Индейка оставалась горячей потому, что серебряное блюдо, на котором она возвышалась посередине стола, было воодружено на серебряную же жаровню.
– А это уже голландское изобретение, – показывая на жаровню, сказал Полиевкт. – Я его в Амстердаме и приобрел, когда был в командировке.
– Вы много ездите, – заметила Алиса, садясь за стол.
– Ну, экономику везде изучают, – пожал плечами он. – У нас университетский обмен с пятнадцатью странами.
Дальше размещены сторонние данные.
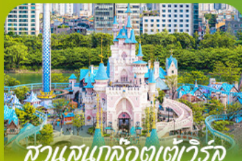
สวนสนุกล็อตเทอเวเอร์ลด์ Lotte Adventure World
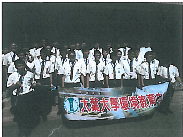
1.參與大葉大學環境教育研習
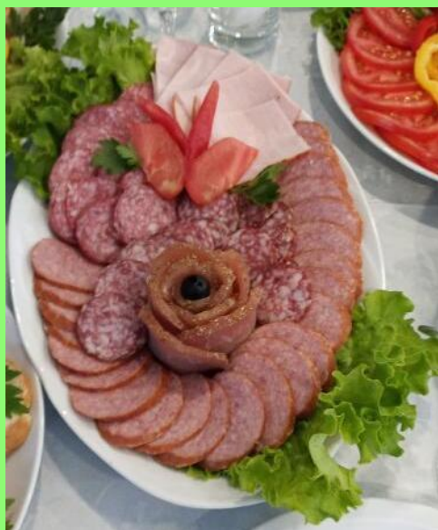
Нарезка мясная вес порции – 150 грамм
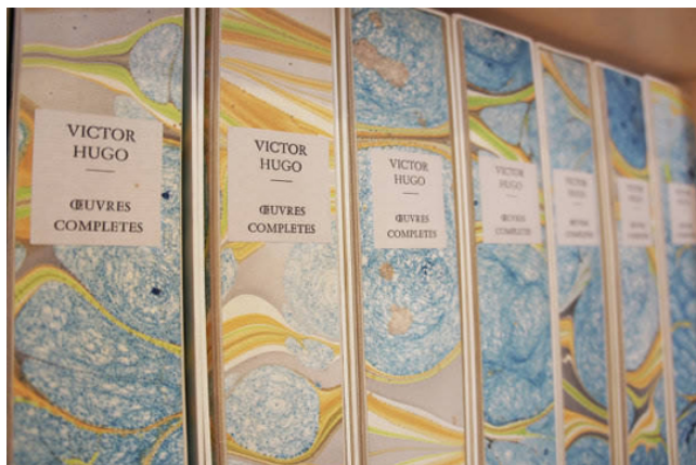
Старинные книги Виктора Гюго, собственноручно переплетенные его правнуком для своего собрания

Алисе все же казалось немного странным, что университетский профессор, пусть и в такой актуальной области, как экономика, живет в загородном доме, который, будь он построен в пятнадцати минутах езды не от Москвы, а от Нью-Йорка, стоил бы несколько миллионов. Но, в конце концов, что ей за дело до доходов русских профессоров и до их недвижимости?
Окинув взглядом стол, Алиса поняла, что не сможет попробовать и половины расставленных на нем блюд.
– Я столько никогда в жизни не съем, Пол! – сказала она почти с ужасом.
Полиевкт засмеялся.
– Я что, произвожу впечатление рачительного хозяина, который требует, чтобы его гости вылизывали корочкой тарелки? Вы попробуете то, что захотите. Вот этот салат, например. Кстати, во всем мире его называют русским, и без всяких на то оснований. Вообще-то он называется «Оливье» и имеет французское происхождение. Ну вот, попробуйте его. И индейку, разумеется, тоже. Или можете есть только овощи и фрукты. Ведь вы наверняка на диете?
В отличие от абсолютного большинства актрис, Алисе сидеть на диете как раз таки не приходилось. Она обладала счастливым свойством, которое вызывало жгучую зависть коллег: не поправлялась ни от какой пищи и любую могла поглощать в любых количествах. Наверное, это было какое-то генетическое свойство, передающееся по женской линии: мама тоже не поправлялась ни от чего, и бабушка до старости сохранила девичью фигуру.
– Я попробую все, – сказала Алиса. – С моей фигурой ничего не случится.
– С таким решительным видом, я думаю, Наполеон принимал решение о Египетском походе, – улыбнулся Полиевкт. – Вы бываете трогательны, Алиса. Трогательная юная женщина…
Собственные двадцать пять лет не казались Алисе юностью. Но возражать она не стала. Что-то насторожило ее в Полиевктовой интонации, но что именно, понять она не успела…
«Я уже три месяца скольжу по самой поверхности жизни, – подумала она. – Скольжу, ни во что не углубляюсь, и мне хорошо. Почему я вдруг должна разбираться в каких-то неочевидных нюансах чужой речи?»
К тому же это была речь человека, который не вызывал у нее никаких эмоций, кроме разве что легкого любопытства.